• Task prompt:
With pictures left out, write out exactly every line from the start of the data through the one that contains "色:コーヒーカラーツーピーススーツ,黒のツーピース".

• Information shown:
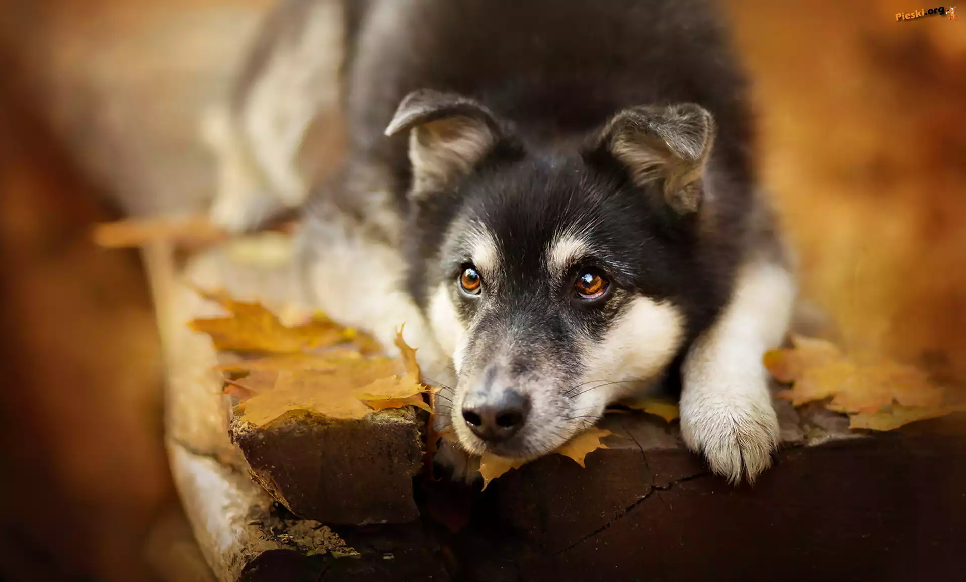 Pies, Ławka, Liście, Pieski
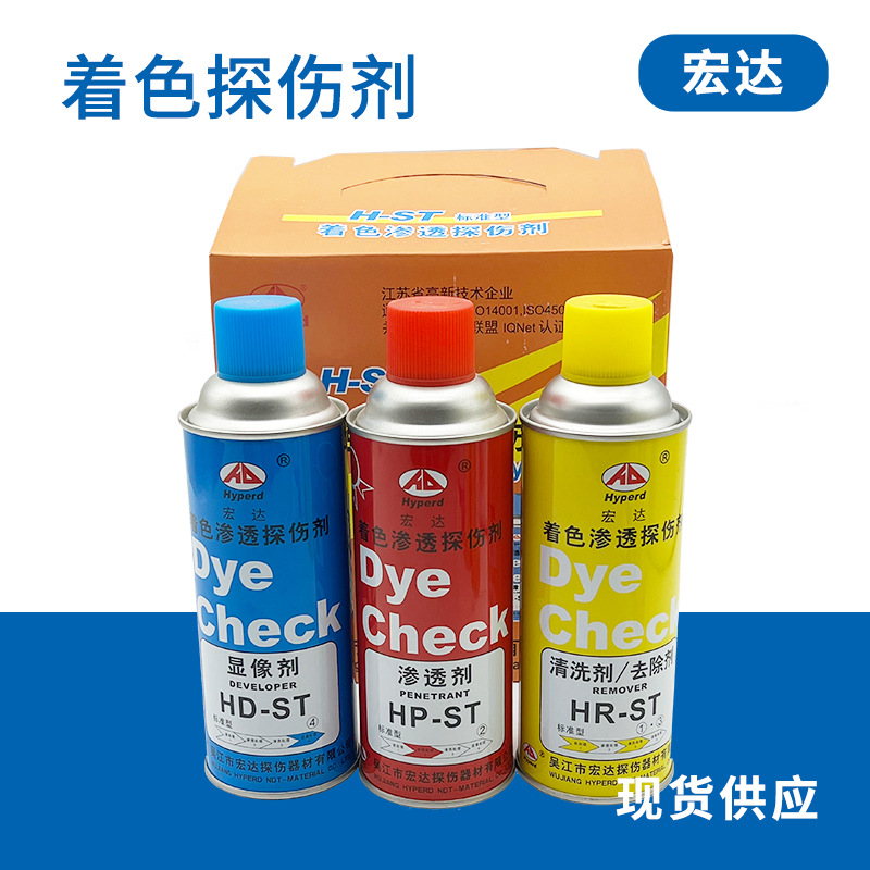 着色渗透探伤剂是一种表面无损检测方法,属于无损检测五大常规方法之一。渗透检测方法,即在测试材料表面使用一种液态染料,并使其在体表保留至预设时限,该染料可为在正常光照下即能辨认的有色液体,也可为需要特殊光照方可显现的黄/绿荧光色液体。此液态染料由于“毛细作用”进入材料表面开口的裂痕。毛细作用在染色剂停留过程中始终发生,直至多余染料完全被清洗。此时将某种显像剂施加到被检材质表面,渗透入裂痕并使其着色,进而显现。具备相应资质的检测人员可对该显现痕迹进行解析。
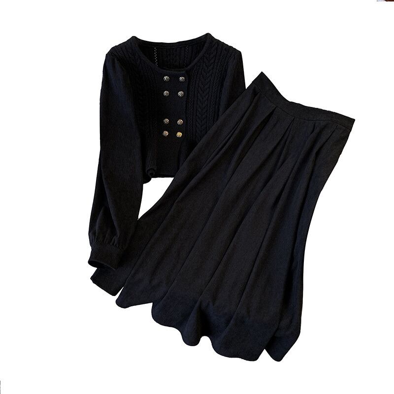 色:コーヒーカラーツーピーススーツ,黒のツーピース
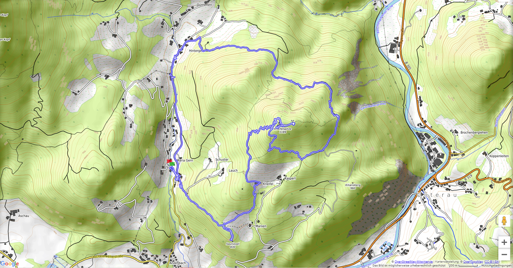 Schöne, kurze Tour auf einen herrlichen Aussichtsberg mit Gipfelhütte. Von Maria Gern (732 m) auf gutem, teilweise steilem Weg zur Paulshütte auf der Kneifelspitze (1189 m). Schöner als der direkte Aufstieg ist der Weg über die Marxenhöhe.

• Result of the exercise:
 Pies, Ławka, Liście, Pieski
 着色渗透探伤剂是一种表面无损检测方法,属于无损检测五大常规方法之一。渗透检测方法,即在测试材料表面使用一种液态染料,并使其在体表保留至预设时限,该染料可为在正常光照下即能辨认的有色液体,也可为需要特殊光照方可显现的黄/绿荧光色液体。此液态染料由于“毛细作用”进入材料表面开口的裂痕。毛细作用在染色剂停留过程中始终发生,直至多余染料完全被清洗。此时将某种显像剂施加到被检材质表面,渗透入裂痕并使其着色,进而显现。具备相应资质的检测人员可对该显现痕迹进行解析。
 色:コーヒーカラーツーピーススーツ,黒のツーピース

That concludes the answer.